2.3 During the validity of this Contract and for a period of three years after termination thereof, the Customer shall agree not to enter into any kind of business transactions with persons or organizations the Agency employs to perform the Agency’s contractual duties. In particular, the Customer shall not employ said persons or organizations to render consulting services the same or similar to those offered by the Agency.
3. Customer’s obligation to provide information / declaration of completeness
3.1 The Customer shall ensure that during the performance of the consulting assignment, organizational conditions in the Customer’s place of business allow the consulting process to proceed in a timely and undisturbed manner.
3.2 The Customer shall also inform the Agency in detail about previously conducted and/or currently active consulting projects of relevance to the contract.
3.3 The Customer shall, in a timely manner and without special request on the part of the Agency, provide the Agency with all documents necessary to fulfil and perform the consulting assignment and shall inform the Agency of all activities and conditions pertinent to the performance of the consulting assignment. This includes all documents, activities and conditions that become known or available during the performance of the consulting assignment.
4. Maintenance of independence
4.1 The Contracting Parties shall be committed to mutual loyalty.
4.2 The Contracting Parties shall be obligated to take all necessary measures to ensure that the independence of all persons working for the Agency and/or of any third parties employed by the Agency is not jeopardized. This applies particularly to any employment offers made by the Customer or the acceptance of assignments on their own account.
5. Reporting / obligation to report
5.1 The Agency shall be obligated to report to the Customer on the progress of services performed, including the progress of persons working for the Agency and/or any third parties employed by the Agency.
5.2 The Agency shall not be bound by directives while performing the agreed service and shall be free to act at the Agency’s discretion and under the Agency’s own responsibility. The Agency shall not be required to work in a particular place or to keep particular working hours.
6. Warranty
6.1 The Agency shall be entitled and obligated, regardless of fault, to correct any errors and/or inaccuracies in the Agency’s work which have become known subsequently. The Agency will immediately inform the Customer thereof.

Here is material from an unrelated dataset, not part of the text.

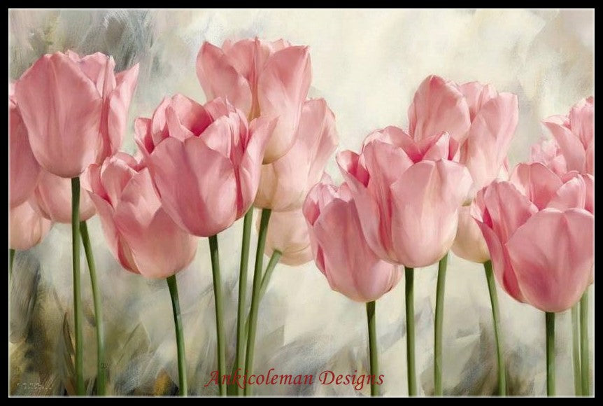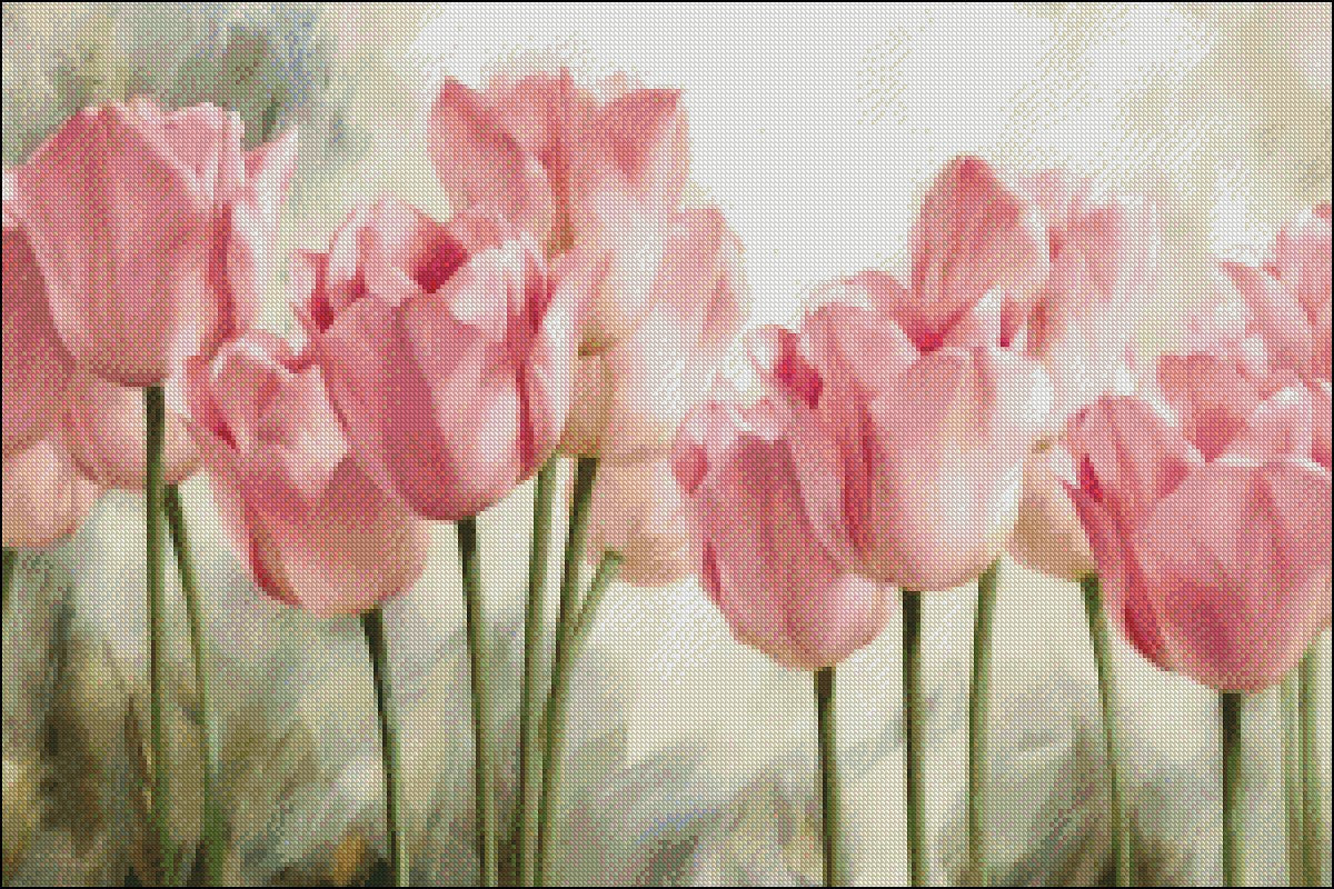 Pink Tulip Flowers - Counted Cross Stitch Patterns Embroidery Crafts Needlework DIY Chart DMC Color

6.2 This right of the Customer expires six months after completion of the respective service.
7. Liability / damages
7.1 With the exception of personal injuries, the Agency shall be liable to the Customer for damages only to the extent that these are the result of serious fault (intention or gross negligence). Correspondingly, this also applies to damages resulting from third parties employed by the Agency.

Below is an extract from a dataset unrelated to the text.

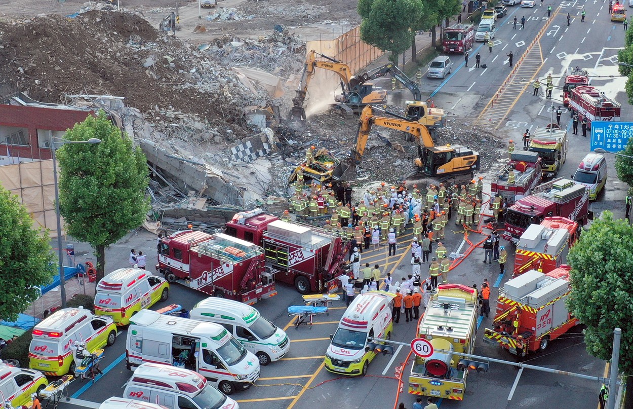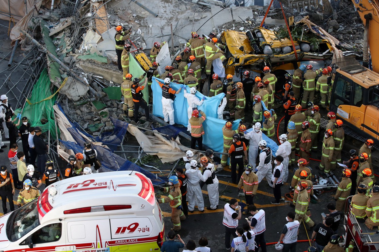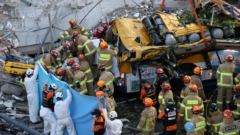 Incidentul s-a petrecut în orașul Gwangju, la 270 de kilometri de Seul, iar autobuzul staționa în acel moment și a fost îngropat în moloz. Alți 25 de oameni au fost răniți, iar opt persoane se află în stare gravă, a anunțat Ministerul de Interne.

7.2 Any claim for damages on the part of the Customer may only be enforced by law within six months after they have gained knowledge of the damage and the liable party, but no later than three years after the incident upon which the claim is based.
7.3 The Customer shall furnish evidence of the Agency’s fault.

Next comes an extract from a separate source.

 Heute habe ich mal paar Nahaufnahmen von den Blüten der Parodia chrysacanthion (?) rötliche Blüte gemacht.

7.4 If the Agency performs the required services with the help of third parties, any warranty claims and claims for damages which arise against the third party shall be passed on to the Customer. In this case, the Customer shall primarily refer to the third party.
8. Confidentiality / data protection
8.1 The Agency shall be obligated to maintain complete confidentiality concerning all business matters made known to the Agency in the course of services performed, especially trade and company secrets and any other information concerning type and/or scope of business and/or practical activities of the Customer.
8.2 Furthermore, the Agency shall be obligated to maintain complete confidentiality towards third parties concerning the content of the work completed, as well as any information and conditions that contributed to the completion of the work, particularly concerning data on the Customer’s clients.
8.3 The Agency shall not be obligated to maintain confidentiality towards any person working for the Agency or representatives of the Agency. However, the Agency is required to obligate such persons to maintain complete confidentiality and shall be liable for any violation of confidentiality on their part in the same way as if the Agency had breached confidentiality.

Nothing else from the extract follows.